▶ [Problem]
Would you repeat word for word the lines of the listing that follows, from the one with "Las transferencias tendinosas" up to and including the one with "The Dunn Edwards", and leave out the images?

▶ [Provided information]
== Segment start ==

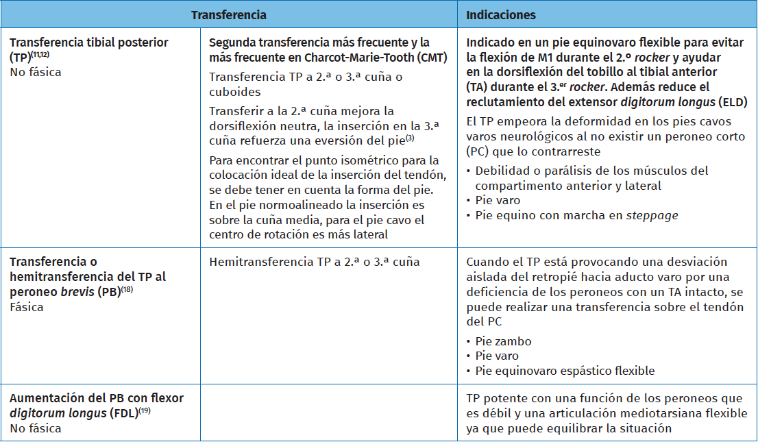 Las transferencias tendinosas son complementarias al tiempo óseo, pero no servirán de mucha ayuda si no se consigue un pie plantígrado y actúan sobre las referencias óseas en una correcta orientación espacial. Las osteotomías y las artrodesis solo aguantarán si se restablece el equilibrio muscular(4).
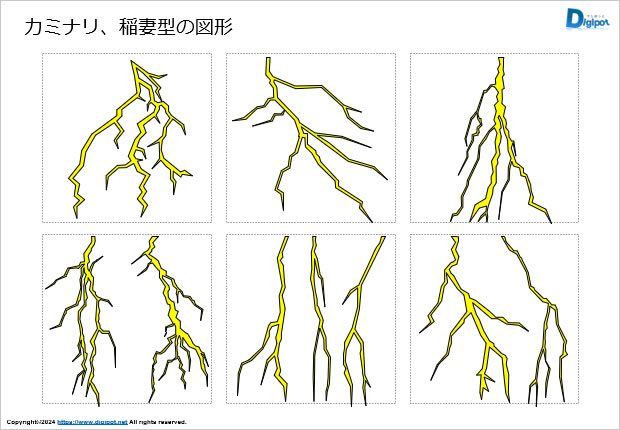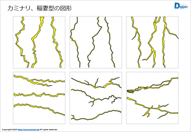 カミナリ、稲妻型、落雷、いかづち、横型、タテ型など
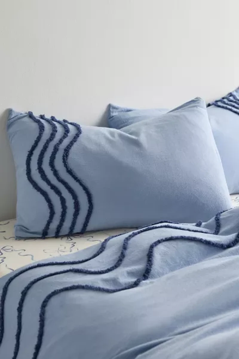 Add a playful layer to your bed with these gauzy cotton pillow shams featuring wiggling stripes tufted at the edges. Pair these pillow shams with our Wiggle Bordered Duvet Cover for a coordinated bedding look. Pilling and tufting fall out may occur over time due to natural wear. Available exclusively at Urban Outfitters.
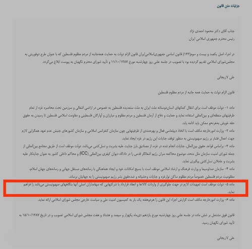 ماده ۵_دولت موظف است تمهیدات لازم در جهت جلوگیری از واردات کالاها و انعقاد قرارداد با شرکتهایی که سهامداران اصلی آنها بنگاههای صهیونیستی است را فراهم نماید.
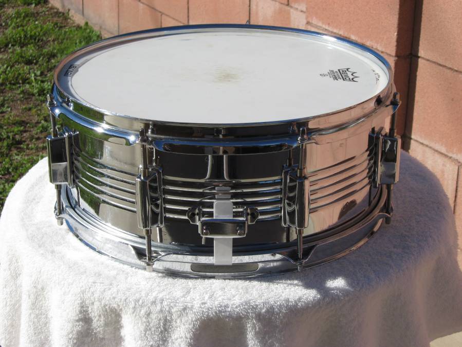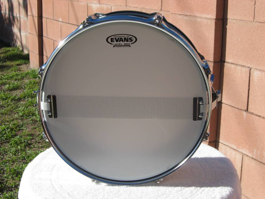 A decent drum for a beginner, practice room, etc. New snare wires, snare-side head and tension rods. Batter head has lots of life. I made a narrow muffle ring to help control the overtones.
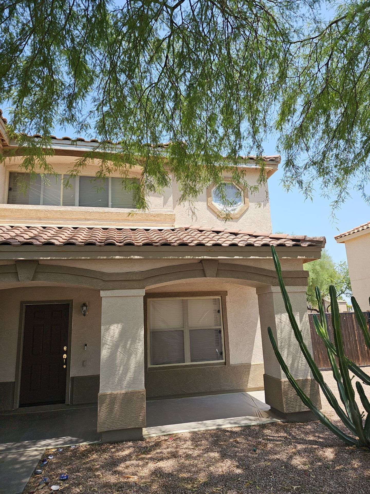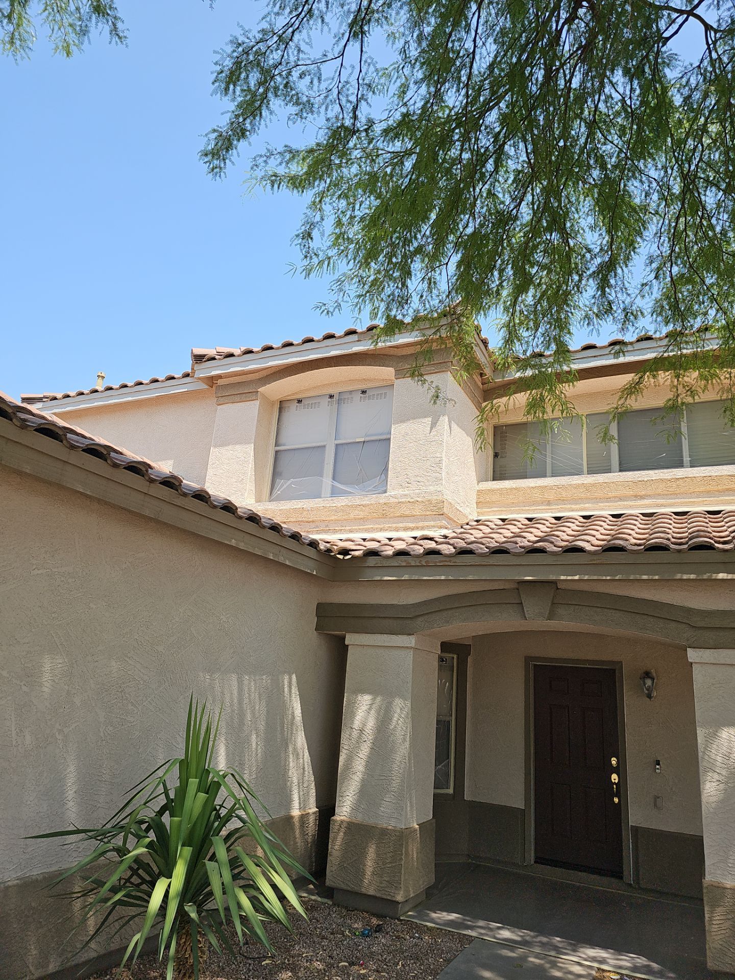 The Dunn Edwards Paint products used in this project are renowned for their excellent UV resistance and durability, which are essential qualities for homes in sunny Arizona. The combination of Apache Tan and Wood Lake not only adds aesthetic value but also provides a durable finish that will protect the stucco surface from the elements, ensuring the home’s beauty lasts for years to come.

== Segment end ==
== Segment start ==

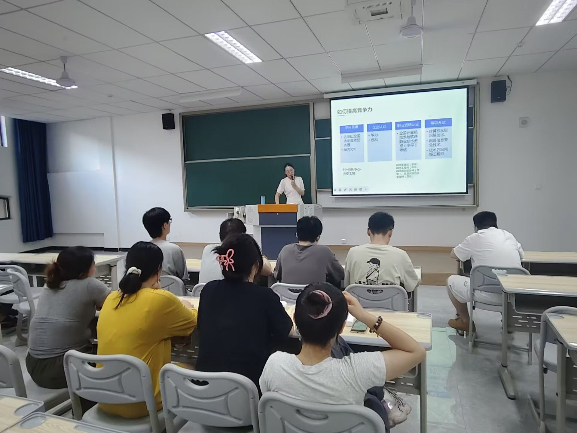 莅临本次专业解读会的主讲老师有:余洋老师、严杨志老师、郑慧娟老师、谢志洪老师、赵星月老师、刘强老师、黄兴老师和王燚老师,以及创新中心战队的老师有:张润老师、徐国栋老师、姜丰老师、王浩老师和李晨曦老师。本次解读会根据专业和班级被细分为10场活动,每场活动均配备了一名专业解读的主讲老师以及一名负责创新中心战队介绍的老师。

== Segment end ==
== Segment start ==

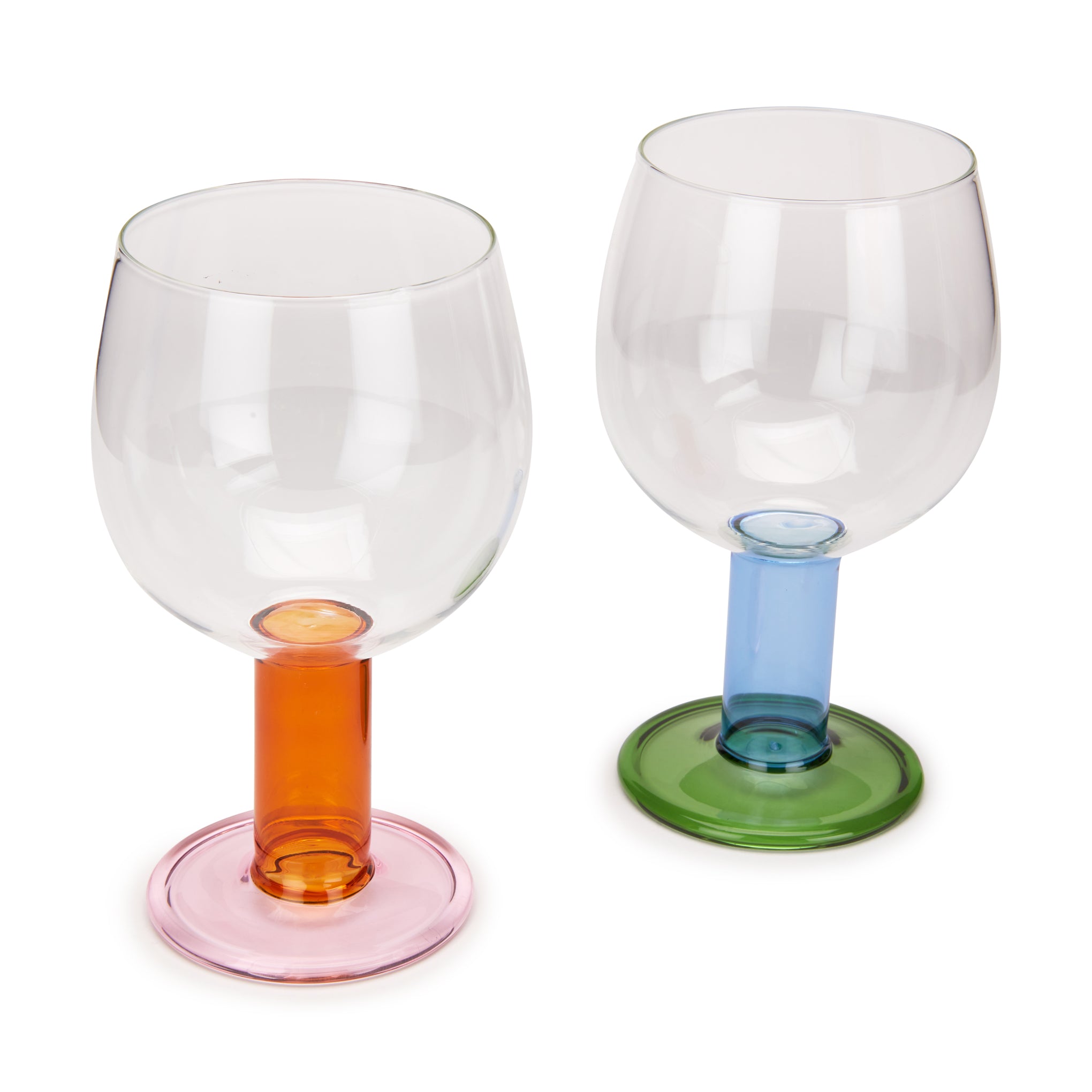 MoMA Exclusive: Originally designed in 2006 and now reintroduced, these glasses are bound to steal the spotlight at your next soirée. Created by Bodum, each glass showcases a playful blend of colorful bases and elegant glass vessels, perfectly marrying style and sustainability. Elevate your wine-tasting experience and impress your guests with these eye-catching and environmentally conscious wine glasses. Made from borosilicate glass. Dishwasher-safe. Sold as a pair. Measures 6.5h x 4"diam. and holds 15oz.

== Segment end ==

▶ [Answer space]
 Las transferencias tendinosas son complementarias al tiempo óseo, pero no servirán de mucha ayuda si no se consigue un pie plantígrado y actúan sobre las referencias óseas en una correcta orientación espacial. Las osteotomías y las artrodesis solo aguantarán si se restablece el equilibrio muscular(4).
 カミナリ、稲妻型、落雷、いかづち、横型、タテ型など
 Add a playful layer to your bed with these gauzy cotton pillow shams featuring wiggling stripes tufted at the edges. Pair these pillow shams with our Wiggle Bordered Duvet Cover for a coordinated bedding look. Pilling and tufting fall out may occur over time due to natural wear. Available exclusively at Urban Outfitters.
 ماده ۵_دولت موظف است تمهیدات لازم در جهت جلوگیری از واردات کالاها و انعقاد قرارداد با شرکتهایی که سهامداران اصلی آنها بنگاههای صهیونیستی است را فراهم نماید.
 A decent drum for a beginner, practice room, etc. New snare wires, snare-side head and tension rods. Batter head has lots of life. I made a narrow muffle ring to help control the overtones.
 The Dunn Edwards Paint products used in this project are renowned for their excellent UV resistance and durability, which are essential qualities for homes in sunny Arizona. The combination of Apache Tan and Wood Lake not only adds aesthetic value but also provides a durable finish that will protect the stucco surface from the elements, ensuring the home’s beauty lasts for years to come.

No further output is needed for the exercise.